- Born: 27 February 1898 Bermondsey, England
- Died: 6 July 1990 (aged 92)
- Occupation: British Intelligence Services
- Years active: 1916–1958

= Kathleen Pettigrew =

British civil servant and member intelligence services

Kathleen Pettigrew (1898–1990) started as a secretary within the police and reached the most senior roles during her long career in the British Intelligence services during the First and Second World Wars. She is better known as inspiration for Miss Moneypenny in the James Bond novels and films.

== Biography ==
Pettigrew was born 27 February 1898 in Bermondsey in London to William and Ellen Pettigrew and had one surviving elder sister, Ellen. Her father had been in casual work as a sealskin dresser, but soon after she was born the family moved to Westminster and both her parents became proprietors of a chandler's shop. Her mother Ellen Pettigrew continued with the shop after her husband died in 1915.

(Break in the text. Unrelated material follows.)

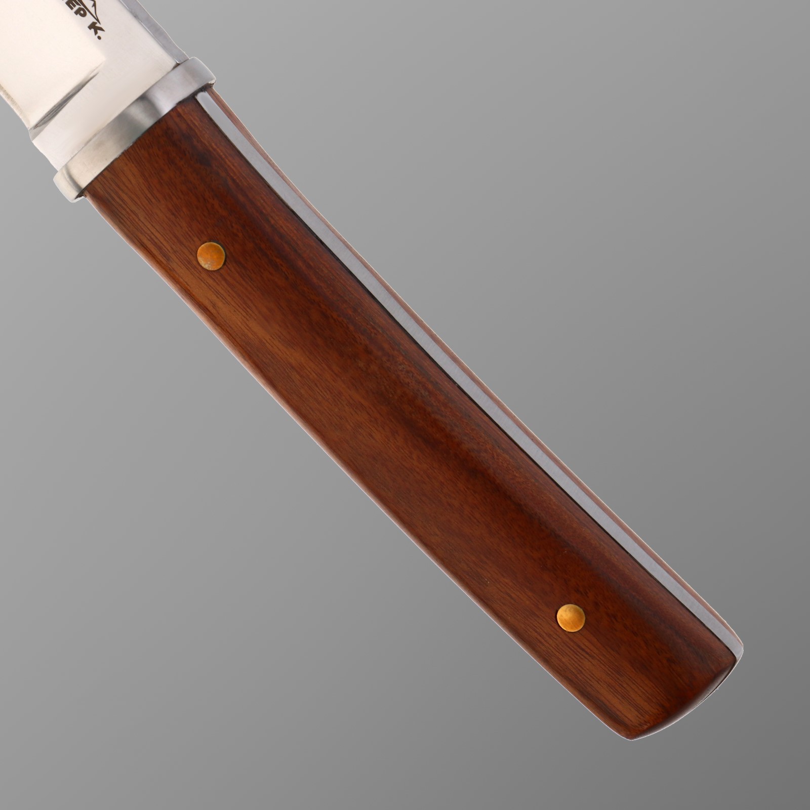 Нож-танто "браун" 23,4см в оплетке в дереве, клинок 122мм/4,6мм. Длина лезвия, см: 9.8 Твёрдость лезвия, HRC: 52 Материал ручки: Дерево Сталь: 420 Общая длина ножа, см: 20 Метательный нож: Нет  развернуть описание ▼

Kathleen Pettigrew attended St Martin-in-the-Fields School for Girls until 1906. After training as a secretary from when she was 14, probably at Pitman Metropolitan School, Kathleen Pettigrew started work at 18 in 1916, in the London Metropolitan police Special Branch during the First World War. Her sister already worked as a registry clerk there. Kathleen Pettigrew produced transcripts of the interrogation of suspected German spies, including Mata Hari in addition to typing and filing confidential documents. In March 1917 she recorded the transcript of questioning a suspicious Russian man known as both Count de Borch and Anton Baumberg. He was subsequently killed by Douglas Malcolm because he was having an affair with his wife. Pettigrew was called as a witness at the coroner's inquest.

After the war ended, Pettigrew joined MI6 where she worked for 37 years to became the most senior secretary in the organisation, working with five of its chiefs. She accompanied at least one of them, Stewart Menzies at meetings with Winston Churchill. During the Second World War she was involved in message transmission within Bletchley Park as well as communication with overseas field agents. She was a key point in the flow of information to and from the head of MI6 and at times acted independently on his behalf.

Pettigrew was made OBE in 1958 when she retired as a Senior Chief Executive Officer in the Foreign Office, after being previously awarded an MBE in 1946. In retirement she lived in Sidmouth, Devon but was still sometimes called upon for her historical knowledge of MI6.

Her life-long appreciation of parakeets began when some were kept in a pub near her family home in Westminster. She died at the age of 92 on 6 July 1990 in hospital and was buried in Sidmouth Cemetery.